Только тяжелый – семьдесят килограммов весил. Станок – тридцать два, тело – двадцать два, щиток – восемь и каждая коробка – пять коробок – по пять килограмм. Расчет был – пять человек. Я – наводчиком, а потом – командиром расчета.
Очень надежный пулемет был, только за ним постоянно ухаживать надо было. Если постреляли и оставили, сразу замок не почистили, то он стрелять не будет. Обязательно замок надо почистить или керосин туда, капельку, а так надежный был.
- А с сальником проблем не было? Его же надо намотать, чтобы ствол ходил.
- Ну, сальник я набивал просто. В первый раз не смог, а потом научился. Проблем не было. У нас всегда пакля запасная была, пропитанная маслом, так что с сальником проблем не было.
- Матерчатая лента проблем не доставляла?
- Набивать ее тяжело было, особенно после дождя, когда намокает, брезент же. Пока все двести пятьдесят патрон вобьешь – руки синие. А набивать надо, особенно в бою. Вот, допустим, стреляет наводчик, а в это время помощник и подносчик – они уже вторую ленту набивают.
- А щиток снимали?
- Когда переносили, снимали, а в боевом положении – нет.
- А он не демаскирует позицию, нет?
- В обороне пулемет внизу стоит, в траншее. А когда наступление начинается, то мы его на исходное положение ставили, а так он все время в укрытии, там ниша была специальная вырыта, а стрелки, автоматчики ходили с ячейки в ячейку, наблюдали. Вот такое. А ты думаешь? Иначе там всех пулеметчиков перебили бы.

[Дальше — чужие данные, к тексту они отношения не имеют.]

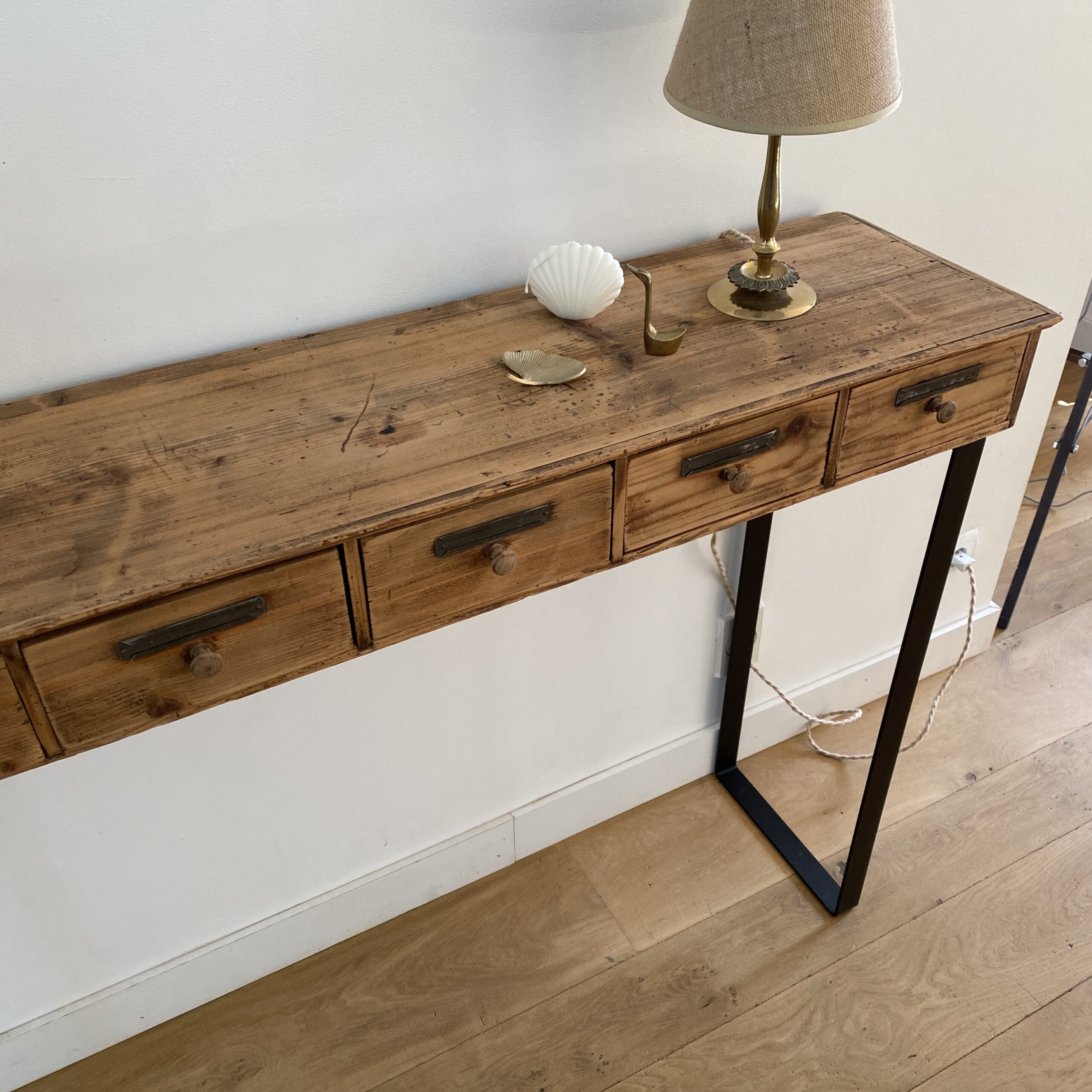 Console en bois brut à tiroirs. Elle a été réalisée à partir du haut d’un vieux meuble comportant 6 tiroirs. Les porte-étiquettes et les boutons sont d’origine.  Les pieds sont sobres, en métal noir. À noter : L’un des tiroirs a une tâche qui ne part pas et l’un des boutons est cassé (voir photos).  À  placer dans une entrée par exemple (à chacun son bazar !).

- Как выглядела пулеметная позиция?
- Окопы рыли г-образной дугой, а сбоку делали нишу, чтобы спрятать пулемет. Ниша сверху закрывалась и в обороне туда пулемет прятался.
- Запасную позицию готовили?
- Обязательно. Стрелок отрывает окоп, а мы – еще окоп для каждого из расчета и еще один окоп для самого пулемета. У каждого из расчета ячейка – шесть–восемь метров вправо и влево от пулемета. И запасная позиция также. Окопы были глубиной метр семьдесят, а с бруствером так и два метра.
- Приходилось заставлять расчет окапываться?
- Нет. Все сами. Иногда даже без команды «Окопаться».
Бывало, останавливаемся примерно на два часа, и сразу каждый начинает окапываться. Роется, как крот в землю зарывается. Сколько во время войны земли перекопал… Да и после войны тоже.
- Где располагалась пулеметная позиция?
- Обязательно на линии стрелков. И в наступление идут совместно. Только пулемет надо тянуть. Стрелок побежал, а нам еще пулемет тянуть надо, так что мы обычно отставали, ну а потом выравнивались.
- Пулемет тянуло сколько человек, двое?
- Два человека – наводчик и помощник. А командир и два подносчика отдельно шли. Командир справа или слева шел, рядом с пулеметом, чтобы указать куда стрелять.
- Пулемет за собой на веревке таскали?
- Да какое на веревке? Так, вручную. Один раз только, в Бернау, на веревке тащили.
- Приходилось стрелять навесом? Как бы с закрытых позиций?
- Нет. Но когда в обороне стояли, выравнивали планку, чтобы ствол по этой планке ходил, чтобы точно по окопу противника попасть, не целиться.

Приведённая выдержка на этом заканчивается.